The New Chinese Dream: NO to Manufacturing, YES to Innovation
After having been working in China lately, it is hard not to see posters all over Beijing talking about the New Chinese Dream. Instead of the world talking about the American Dream, the Chinese leaders wants the world to talk about the Chinese Dream. So, what is that dream about? It is not totally clear, but it has something to do with less captalism american style, less corruption Chinese style and above all it seems like innovation is at the core. The Chinese are entering a new economic stage where they cannot only be cheap producers anymore, they need to be top innovators. Are they now? No. Can they be world class innovators in the future? Let’s look into it…
Looking out from my hotel in Wanxing seeing skyscrapers and smog, big brand signs and poor immigrant workers, I started to think about the future of China when it comes to innovation.
YES – China will be an innovation super power
Let us starts with what makes China a possible innovation force of the future:
- China is soon the greatest economy in the world. Money talks. Bullshit walks. And money will give you resources to fund R&D for sure.
- China is building a new army of well educated workers. Top universities like Tsinghua are producing engineers en masse (and around the campus are all the big multinationals players like Sony, Google, Siemens, Ericsson etc looking for new talent). A big quantity of knowledge workers will of course give you results. But what about the quality aspect? It is one thing knowing what is it says in the book, but putting it to practice in news ways is something else.
- China has its own eco system which makes it a big hotbed for testing out new stuff before being killed by outside competition. Alibaba and Tencent are huge examples – that would probably not have made it in an open global marketplace, but has grown so big now that they can swallow the better performers abroad.

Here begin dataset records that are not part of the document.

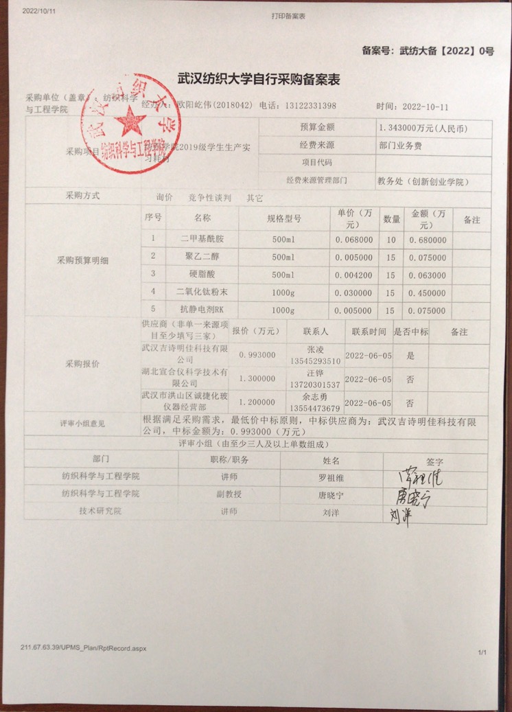 关于公司2019级本科生生产实习耗材的公示
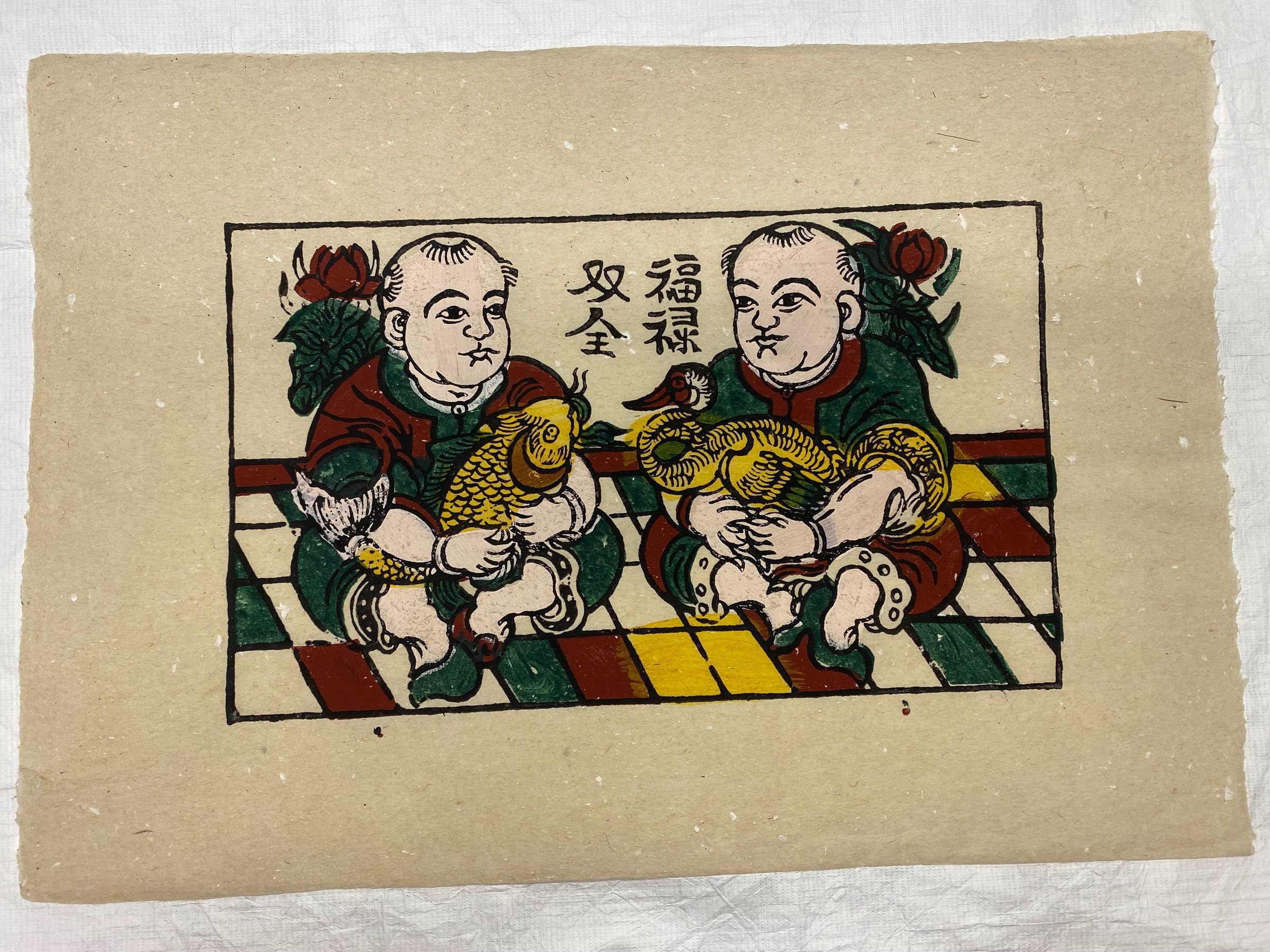 Traditional Vietnamese folk woodblock print on plant fibrous paper horizontally depicts two small male figures cross-legged sitting on a patterned floor looking at one another while holding animals. The one on the right holds a carp, and the other holds a goose, lotus flowers are behind them with Chữ Nôm characters between the two.Context
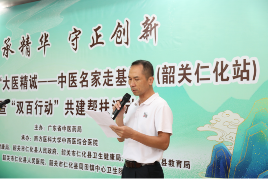 南方医科大学中西结合医院纪委书记邓建希指出,“大医精诚——中医名家走基层”第44站活动再次走进仁化,并与“双百行动”有机融合,内涵丰富,是持续深入实施中医药文化弘扬工程,推进落实南方医科大学“双百行动”结对共建工作要求的具体举措之一,意义深远。过去的一年里,在驻镇帮扶队的枢纽作用下,我们也和本县周田镇中心卫生院保持着密切联系,接收技术骨干人员到南方中西医进修。今后将进一步加强与仁化县人民医院及县域基层医疗机构的帮扶共建工作,根据“县域所需”,结合“医院所能”,举办更多元化、更多形式的帮扶共建活动。

NO – China will not be an innovation super power
OK, that some of the things that makes China a possible super innovation nation. So what are the problems?
- The innovation culture is just not there. If you are put in prison for speaking about things outside the box for centuries, the culture will not change instantly. There needs to be a lot of focus put on people learning to think creatively and daring to do it. In an Chinese way. The big management consultancies in the world like McKinsey and others are being thrown out of Chinese companies because of there attitude that the American way is the only way. And one model fits all. The innovation culture in China needs its own model and its own development process.
- The language barrier is huge. Even in big multinationals with people being paid the same salaries as their western equals, the level of English is poor. And like it or not, but the global language of innovation, today and for the foreseeable future, is English. If you do not understand English – and cannot use Google because it is blocked – you will loose out of a lot of the hot global innovation trends.
- The rise of the creative class, might instead be the flight of the creative class. The Chinese creatives are going to the US to study and many of them stay there. And because of what the Chinese call the “city sickness” the global creative class does not want to move to China. The city sickness is a mix of big cities being to big with continous traffic jams and no real centers but mostly built around big highways (Richard Florida says that creatives wants cities you can walk in), the housing prices are really high, the pollution is world class (in a really bad way) and the censorship and blockage of information, culture and human expression keeps the global creatives staying away from China.
Hmmm…. China will be an innovation super power. But it will take a while.
So will China be a super innovation power? Yes. Will it happen tomorrow? No. It will take a lot of time. China will probably start to make noise when it comes to high tech and physical products, but when it comes to services (which are still not really considered “real innovation” in China) it will take a while.
But China has time. And money. And resources. The Chinese Dream will come true. One way or the other.